A family affair across two continents

TRIPS AND TALES Across China, Mongolia and Russia  

Many parents do something special for their child’s 16th birthday. But television journalist Rohit Gandhi took that one step further. He took his son, Nikhil Gandhi, on a Trans-Siberian train journey earlier this year, in May. It was meant to introduce Nikhil to different cultures, adventure and the sheer joy of travelling without a definite purpose. And also find similarities within those differences. They actively worked on the trip for two years. The idea was to cover every country en route, with focus on its culture, rather than touristy trappings. “I’ve travelled the world as a television journalist, and wanted my son to see some cultures firsthand. It also served as a great way to backpack and use travel as a tool of education,” says Rohit.

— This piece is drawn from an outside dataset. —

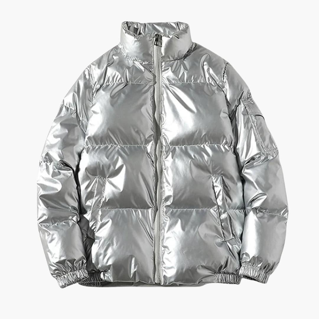 Men's Puffer Jacket with Zipper and High Collar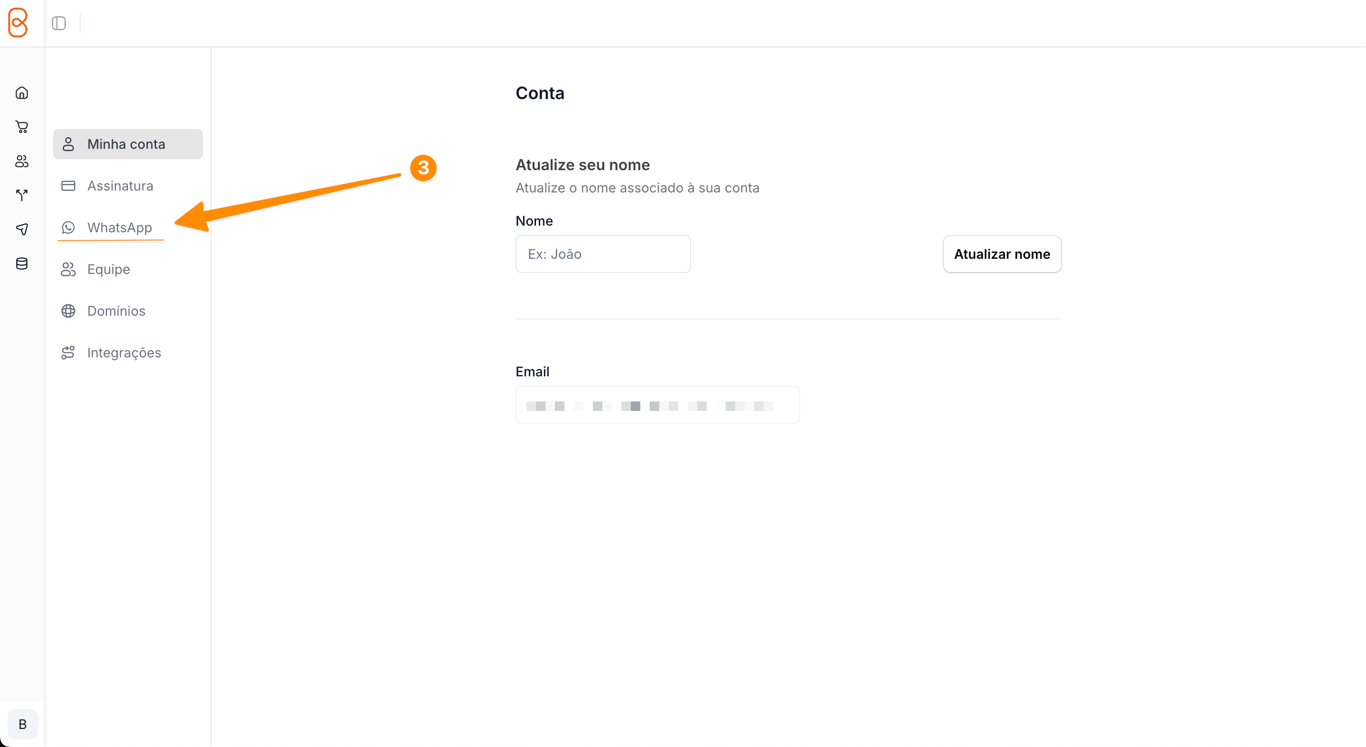 - Clique em WhatsApp

“Nikhil, like most Indian kids, has led a sheltered life, and he could not have travelled by himself. Our journey together helped us connect at a different level too,” he says. The journey, which lasted for 45 days and cost almost 15,000 dollars, helped Nikhil get the confidence to live by himself — he’s now pursuing school in Canada.

Nikhil’s first memory of discussing this trip was at the breakfast table, when he was approximately nine years old. “I don’t think there was any real trigger for this trip, except dad’s enthusiasm. The whole idea of the trip was getting out of our comfort zone and drifting through different cultures and taking in as much as we could.”

During the trip, Nikhil learnt how languages don’t really matter. On the train to Russia, he spent time with a couple of friendly Russian children, communicating even without a common parlance. The journey was also a lesson in experiencing the kindness of strangers. In Beijing, Rohit and Nikhil had decided to walk up to their hotel, but soon realised it was far away. “We double-checked the route with a random stranger. He was not very conversant in English but offered to get us a cab. When it did not turn up, he dropped us off at the hotel and wished us well,” they add.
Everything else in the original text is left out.